The Roundtable: America Has Voted. Now What?

The Roundtable: America Has Voted. Now What?

Editor's Note: Welcome to our monthly roundtable discussion. Each month, our five student editors will come together to debate a major issue shaping our world. This transcript has been lightly edited for length and clarity.

Minwoo Jung: Well, the world has its answer. Donald Trump will be the 47th President of the United States. It's a political comeback without modern precedent, a seismic event that will reshape the geopolitical landscape for years to come. In capitals around the world, from Brussels to Tokyo to Seoul, foreign policy establishments are now scrambling to adjust to a new and deeply uncertain reality. I think the only place to start is: what are the biggest international implications of this result?

Anthony Min: The first and most immediate implication is for the global economy. A second Trump term likely means a return to the "America First" trade policy of his first term, but on a much grander scale. He has openly talked about imposing a universal baseline tariff of 10% on all imports, and an even higher tariff on goods from China. This would be a massive shock to the global trading system, likely triggering a new round of retaliatory tariffs and a significant slowdown in the global economy. The era of stable, predictable free trade is definitively over.

Yonghyuk Choi: The implications for America's security alliances are just as profound. In the sports world, a team relies on a set of rules and a trusted captain. For seventy years, the US has been the captain of the Western alliance. Trump sees these alliances not as a source of mutual security, but as a transactional protection racket. His open skepticism about the value of NATO and the US-Korea alliance is not just talk; it is a core part of his worldview. Allies are now facing the very real prospect of having to provide for their own security in a way they have not had to for generations.

Yehee Jung: From a science and public health perspective, the result is devastating. The first Trump administration withdrew the US from the Paris Agreement on climate change and weakened a host of domestic environmental regulations. A second term will likely see a full-scale assault on the green energy transition, both domestically and internationally. For the global effort to combat climate change, which is already dangerously behind schedule, this is a catastrophic setback. The same goes for global health security; a US that is hostile to international institutions like the WHO makes us all more vulnerable to the next pandemic.
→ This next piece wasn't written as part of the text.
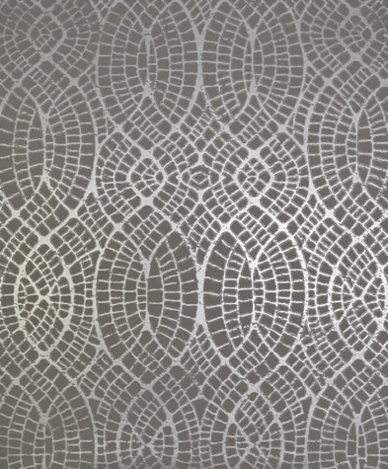Antonina Vella Tortoise Wallpaper mimics turtle shells in a vertically braided pattern of smooth metal.
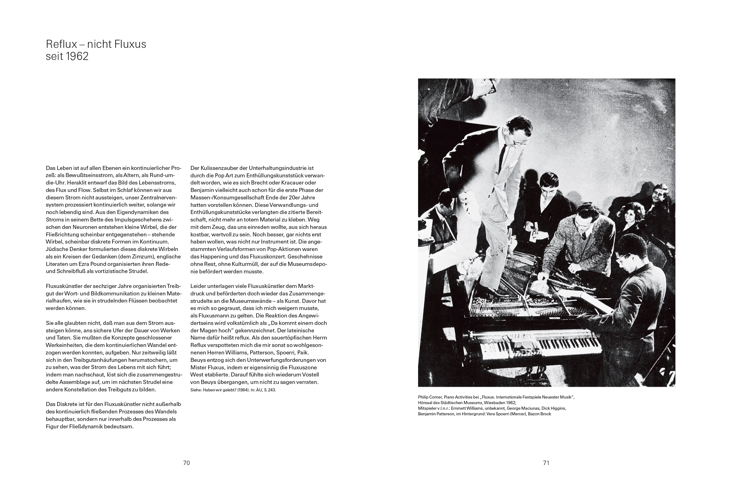 Das Diskrete ist für den Fluxuskünstler nicht außerhalb des kontinuierlich fließenden Prozesses des Wandels behauptbar, sondern nur innerhalb des Prozesses als Figur der Fließdynamik bedeutsam.

Saerom Kim: Living here in the US, the result feels less like a political shift and more like a cultural earthquake. It's a validation for a huge portion of the country that feels left behind and ignored by the coastal elites and the mainstream media. It's a rejection of what they see as "woke" culture and a reassertion of a more traditional, nationalist vision of America. The country was already deeply divided, but this result feels like it has solidified the existence of two separate nations living within the same borders, each with its own set of values and its own version of reality. The cultural healing that many hoped for after 2020 is not coming.

Minwoo Jung: That internal division is key. A United States that is so deeply at war with itself is an inherently less reliable and more unpredictable actor on the world stage. For both our allies and our adversaries, the central challenge of the next four years will be navigating an America that is more inward-looking, more transactional, and less constrained by the traditional norms of international relations than at any point in modern history. The world has changed.


Final Thoughts

Yonghyuk Choi: The captain of the team has been reinstated, but he has made it clear he doesn't believe in the value of his teammates.

Anthony Min: The global economy, which is built on a foundation of stable trade, is about to be hit by the hurricane of "America First" protectionism.

Saerom Kim: This election wasn't just about politics; it was a victory for a specific cultural identity and a rejection of the direction modern America has been heading.

Yehee Jung: The single biggest obstacle to solving global problems like climate change and pandemics is not technology or science, but the domestic politics of the United States.

Minwoo Jung: An unpredictable America creates a more dangerous world, forcing allies to hedge and emboldening adversaries to test the limits of a fractured international order.